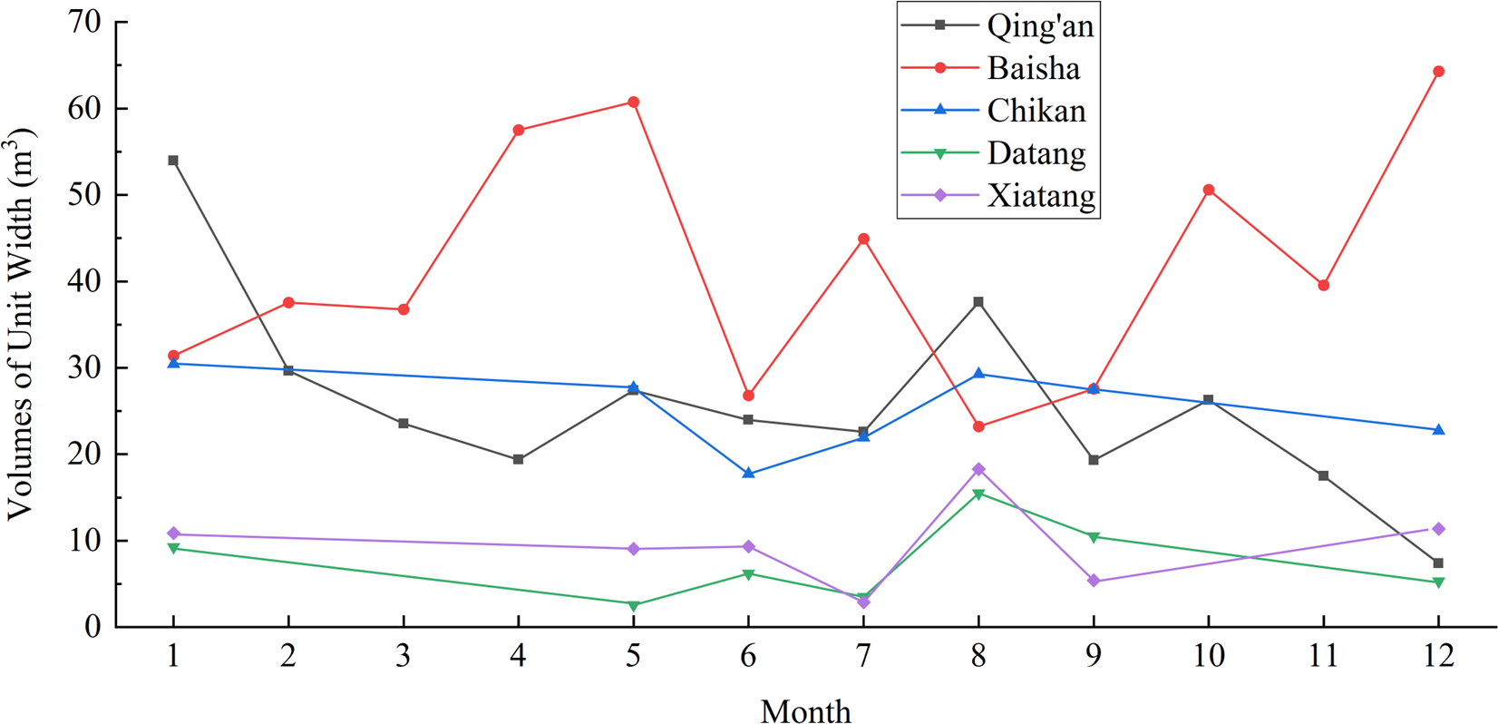 Changes in beach volume along the north coast of the strait are illustrated in Figure 2. Qing’an primarily exhibits a pattern of decreasing, then increasing, and then decreasing, whereas Baisha demonstrates an opposite trend of increasing, then decreasing, and then increasing. Notably, Qing’an experienced a significant trough during March-May and a pronounced peak area during July–September, while Baisha showed a notable upward trend and a significant peak area during March-May. Chikan Bay and Datang Bay generally undergo a decrease followed by an increase and then another decrease. Similarly, Xiatang Bay exhibits a decrease followed by an increase, then a decrease, and finally another increase. These areas, including Chikan, Datang, and Xiatang, display a significant peak in July-September.
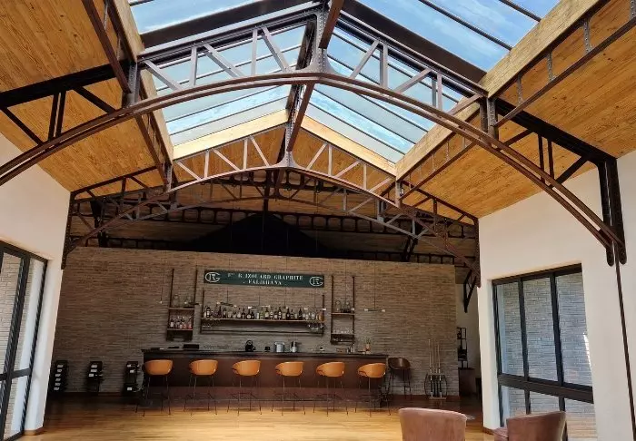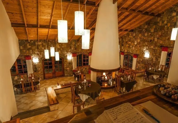 Lodgen kännetecknas av sin supermoderna och samtidigt både råa och eleganta industriella design med högt i tak, en stor öppen spis mitt i restaurangen och tak med stålstrukturer. Inspiration har tydligt hämtats från grafitgruvan och den tillhörande industrin som du för vidare på vägen till lodgen.
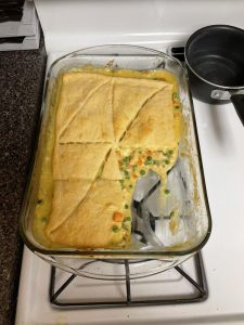 4. Prepare the Topping: While the chicken mixture is baking, open the can of crescent rolls or use the dough sheet. If you’re using crescent rolls, unroll them and pinch the seams together to create one sheet.
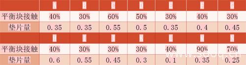 通过对圆形平衡块接触面积调查,得到如表3所示数据。从表3可以看出,平衡块接触面积均在30%以上,符合规定要求。
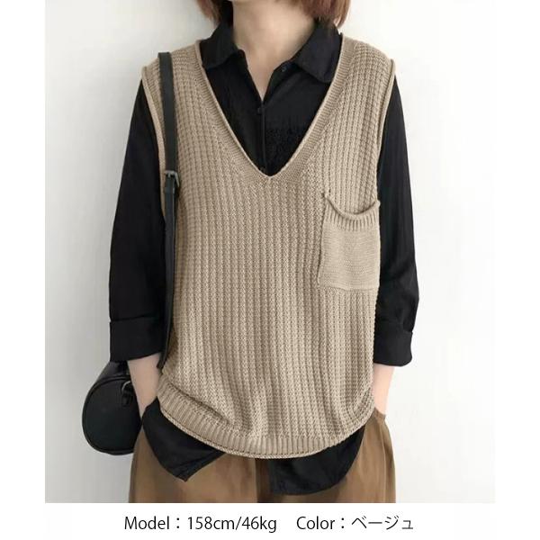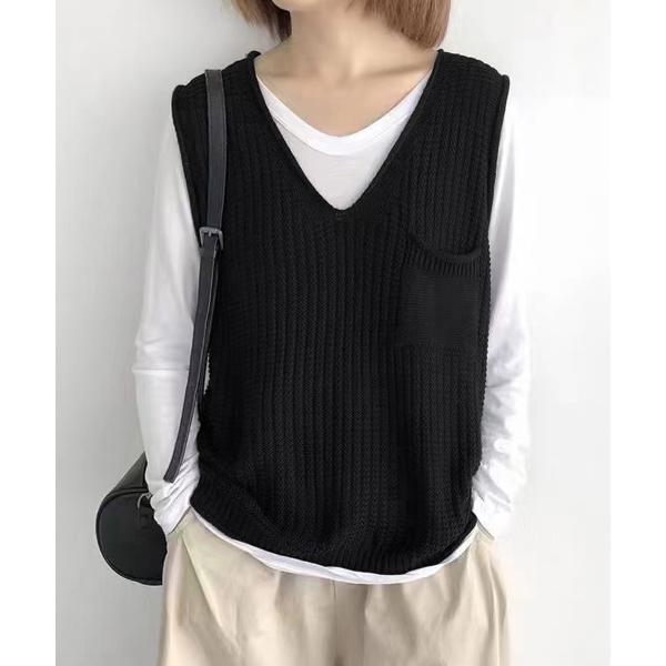 ポケット付きニットジレ ノースリーブ ニットトップス 重ね着 ベストセーター 薄手 体型カバー 20代30代
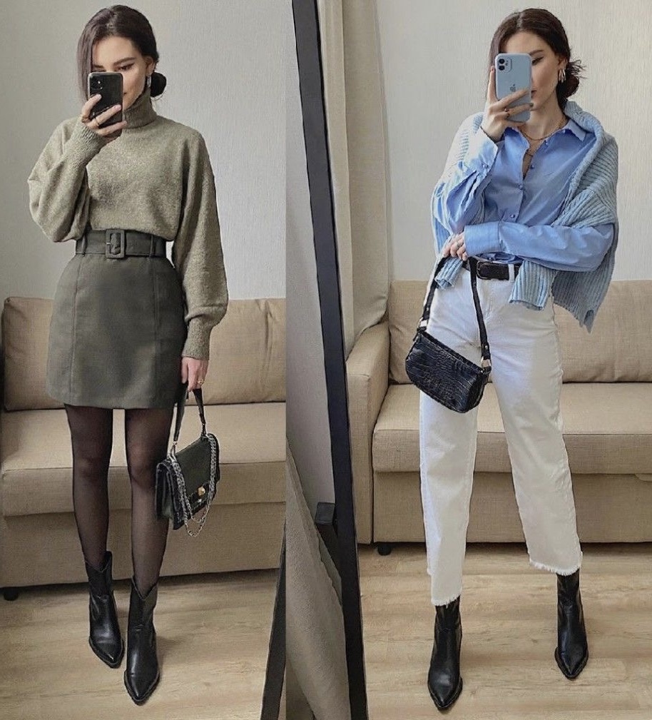 - Акцент на талии. Ремень — это твой лучший друг. Высокая посадка брюк или юбки плюс ремень — и ты превращаешься в стройную красавицу.
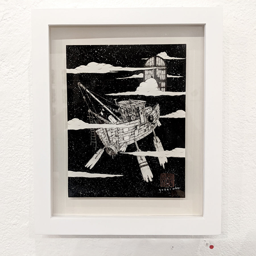 Drawing measures 5.75 x 7.95 inches floating within frame.
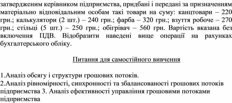 2.Аналіз рівномірності, синхронності та збалансованості грошових потоків підприємства 3. Аналіз ефективності управління грошовими потоками підприємства
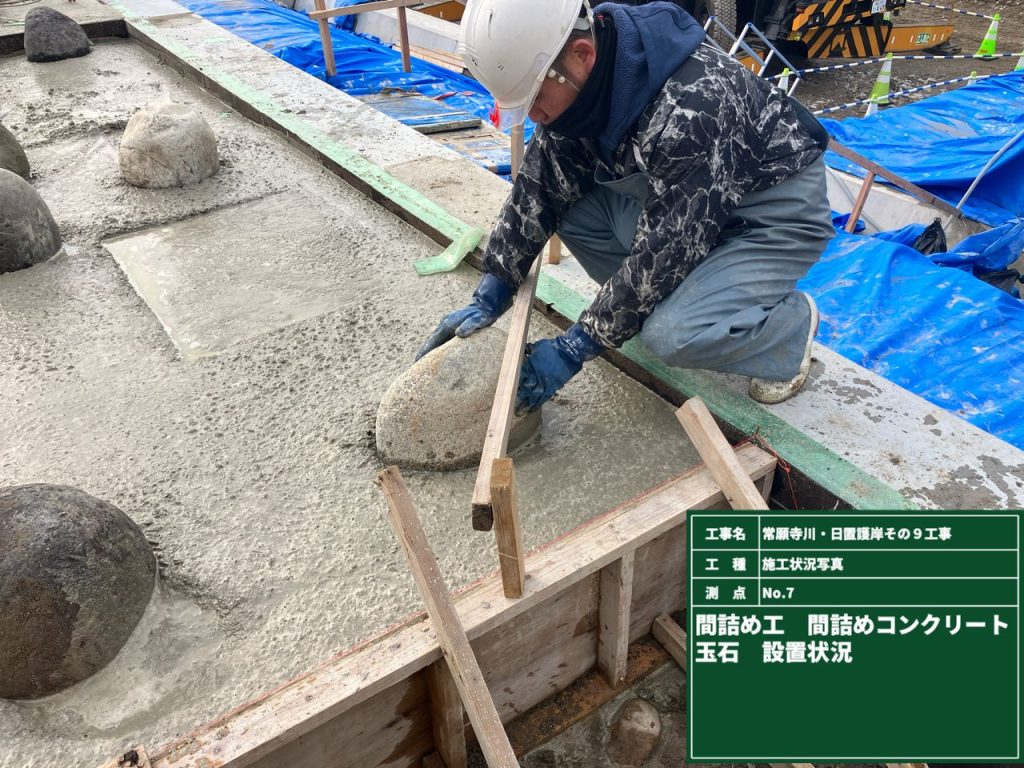 根固めブロックは、護岸構造物が完了次第、その構造物の前面に

:::::

▶ Assignment
Without any pictures, write out the lines running from the one containing "4. Prepare the" through the end of the listing above, both included, exactly as given.

▶ Result of this task
 4. Prepare the Topping: While the chicken mixture is baking, open the can of crescent rolls or use the dough sheet. If you’re using crescent rolls, unroll them and pinch the seams together to create one sheet.
 通过对圆形平衡块接触面积调查,得到如表3所示数据。从表3可以看出,平衡块接触面积均在30%以上,符合规定要求。
 ポケット付きニットジレ ノースリーブ ニットトップス 重ね着 ベストセーター 薄手 体型カバー 20代30代
 - Акцент на талии. Ремень — это твой лучший друг. Высокая посадка брюк или юбки плюс ремень — и ты превращаешься в стройную красавицу.
 Drawing measures 5.75 x 7.95 inches floating within frame.
 2.Аналіз рівномірності, синхронності та збалансованості грошових потоків підприємства 3. Аналіз ефективності управління грошовими потоками підприємства
 根固めブロックは、護岸構造物が完了次第、その構造物の前面に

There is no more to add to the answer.